I don't have any sort of proof, but I think $\mathfrak{gl}_2$ and $\mathfrak{gl}_3$ are too "small" to accommodate a counter-example. I believe your statement is true there...but alas I can't seem to see how to prove it.

Answer 2

I realized my classification of the $F[H,P]$ representations (which assumed $H$ diagonalizable) actually worked for any Jordan block, not just a $1\times 1$.

Classification with $H$ diagonalizable:

The idea is that $P$ bumps the eigenspaces of $H$. This works even if the eigenspaces are generalized. The classic example is $\mathfrak{b} \leq \mathfrak{sl}_2$ with $H=\begin{bmatrix}1 & 0 \\ 0& -1 \end{bmatrix}$ and $P=\begin{bmatrix} 0 & 1 \\ 0 & 0 \end{bmatrix}$ and $\alpha=2$. The classification is $H$ is a direct sum of diagonal matrices $H_n(\lambda)$ with diagonal entries $\lambda, \lambda - \alpha, \lambda-2\alpha, \ldots, \lambda - (n-1) \alpha$ and $P$ is a direct sum of nilpotent matrices $P_n(\lambda)$ that are Jordan blocks of size $n$ with eigenvalue $0$.

Example with $H$ not diagonalizable

However, if $H$ is not required to be diagonalizable, then $\lambda$ doesn't have to be a number.
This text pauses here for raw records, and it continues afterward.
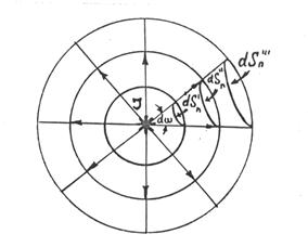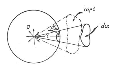 Рассмотрим ту часть dФ этого потока, которая излучается в телесный угол dw и пересекает часть dSn поверхности сферы. Индекс n в dSn означает, что площадка dSn оказывается нормальной (перпендикулярной) к радиусу - вектору, проведенному из центра сферы к центру этой площадки.
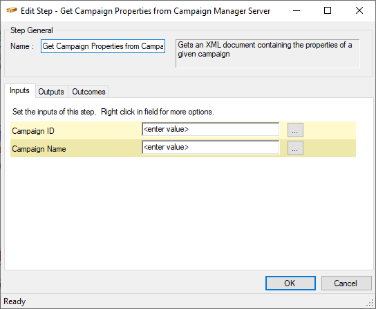 Fig. 1 - Get Campaign Properties from Campaign Manager Server - Inputs
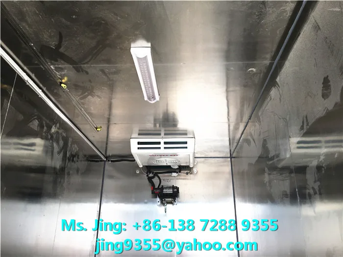 Configuration | Refrigerator unit is Huatai, made in China, working temperature is minus 15 celsius degree. The material of the van surface is FRP,8 cm thick PU inside. | ||
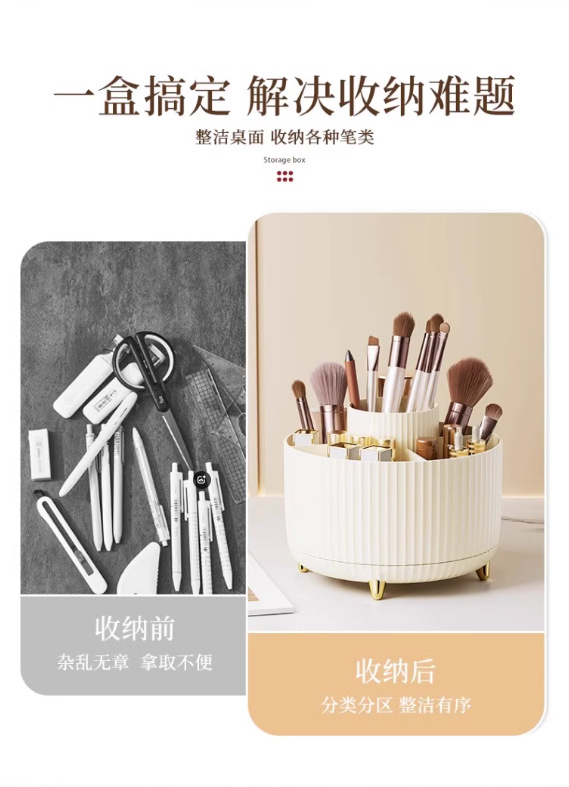 【分格收纳❗️优选材质】桌面旋转收纳盒家用整理盒旋转护肤品梳妆台化妆品收纳盒笔筒收纳。ya
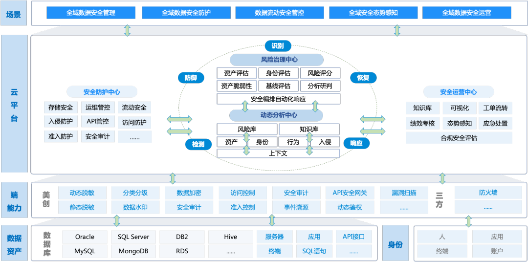對數據進行綜合管理,實現基于分類分級的統一資產梳理、統一身份治理、統一風險監測、統一分析評估、統一策略下發、統一風險管控、統一觀測等,真正幫助用戶構建全局的體系化數據安全。
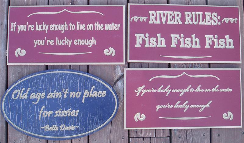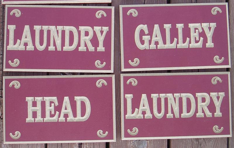 The signs below are painted then carved, creating a good looking, inexpensive method of making a custom sign.
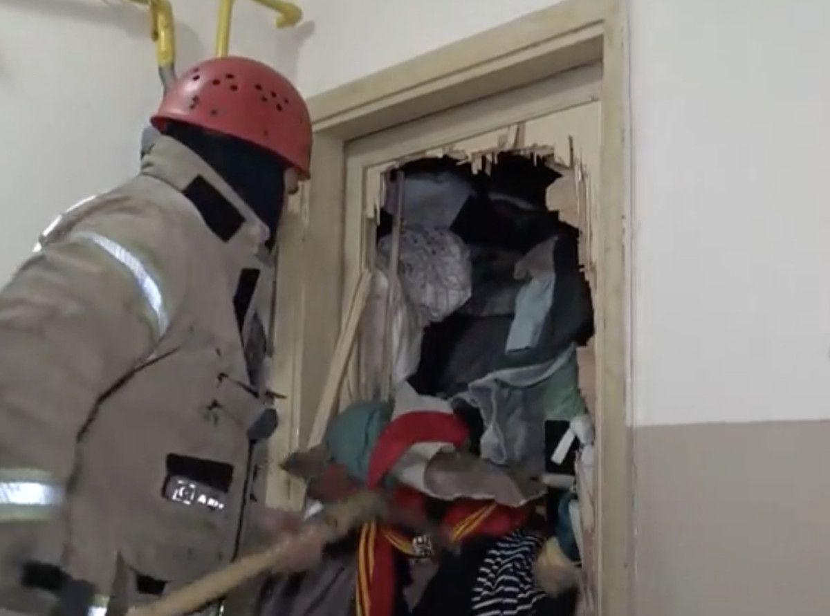 Hasan Ergin’in tek başına yaşadığı daireye gelen ekipler, tavana kadar atık giysi ve eşya depolanan çöp evle karşılaştı.
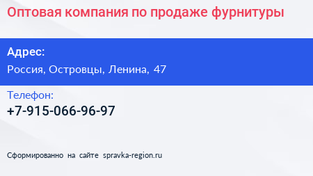Оптовая компания по продаже фурнитуры по адресу Торговый комплекс "Текстиль-Профи", 47, улица Ленина, Михнево, Октябрьский, городской округ Люберцы, Московская область, Центральный федеральный округ, 140060, Россия в дальнейшем Организация, размещена в следующих категориях:
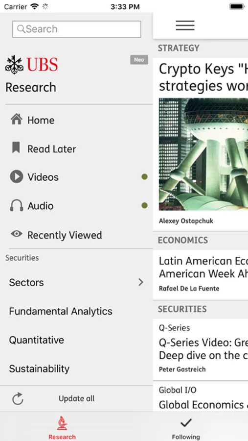 The UBS Neo Research App, available via iPad® and iPhone®, provides institutional clients speedy access to UBS’s award-winning Investment Bank Research anytime, anywhere.
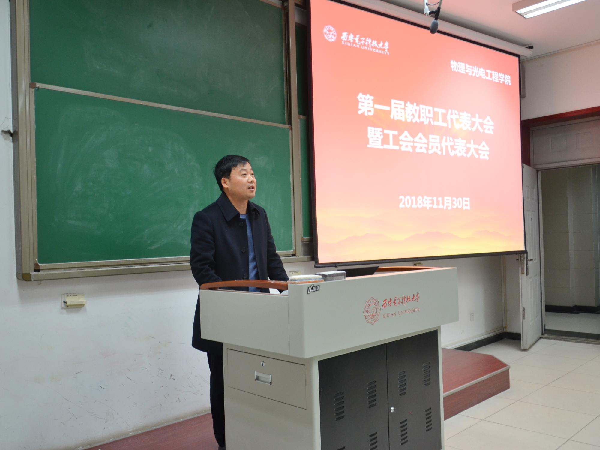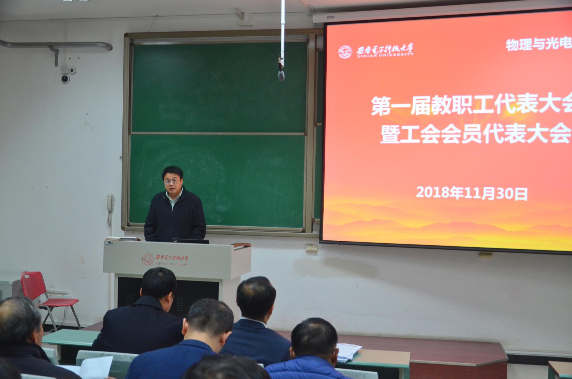 学院党委副书记、纪委书记林波主持召开物光院第一届工会会员代表大会。大会就前期推荐产生的11位工会委员候选人进行了差额选举,最终投票产生了9位学院新一届工会委员,并选举独国社为学院工会主席。
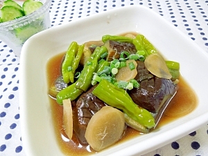 楽天レシピ:「ひんやり♪茄子としし唐の煮びたし 」より
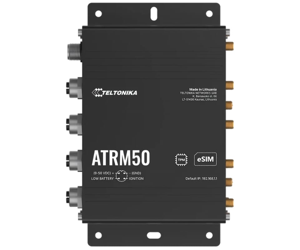 | Opis: | Teltonika Networks ATRM50 5G router for transportation with M12 connectors, dual SIM and eSIM with certificates EN 45545-2 and EN 50155 |

It can be any matrix.

Here is another example with $H$ not diagonalizable: $$ H=H_2\left(\begin{smallmatrix} 1 & 1 \\ 0 & 1 \end{smallmatrix}\right) = \left[\begin{array}{rr|rr} 1 & 1 & 0 & 0 \\ 0 & 1 & 0 & 0 \\ \hline 0 & 0 & -1 & 1 \\ 0 & 0 & 0 & -1 \end{array}\right],\quad P=P_2\left(\begin{smallmatrix} 1 & 1 \\ 0 & 1 \end{smallmatrix}\right) = \left[ \begin{array}{rr|rr} 0 & 0 & 1 & 0 \\ 0 & 0 & 0 & 1 \\ \hline 0 & 0 & 0 & 0 \\ 0 & 0 & 0 & 0 \end{array}\right]$$

Classification:

More generally $H_n(A)$ and $P_n(A)$ for any non-diagonalizable matrix $A$ works. Here $H_n$ is a block diagonal matrix with blocks $A, A-\alpha I_n, A-2\alpha I_n, \ldots, A-(n-1)\alpha I_n$ and $P_n(A)$ is a nilpotent block matrix all of whose blocks are the same size as $A$, most of which are zero, except for those on the first super diagonal which are $I_n$. To avoid duplicates, one should probably require $A$ to be a Jordan block.

Trivial counterexample:

Sillily enough, one can even take $n=1$! Let $H$ be any non-diagonalizable matrix, and let $P=0$. Oops! This is why the $[P,M]=H$ relation of $\mathfrak{sl}_2$ is so important.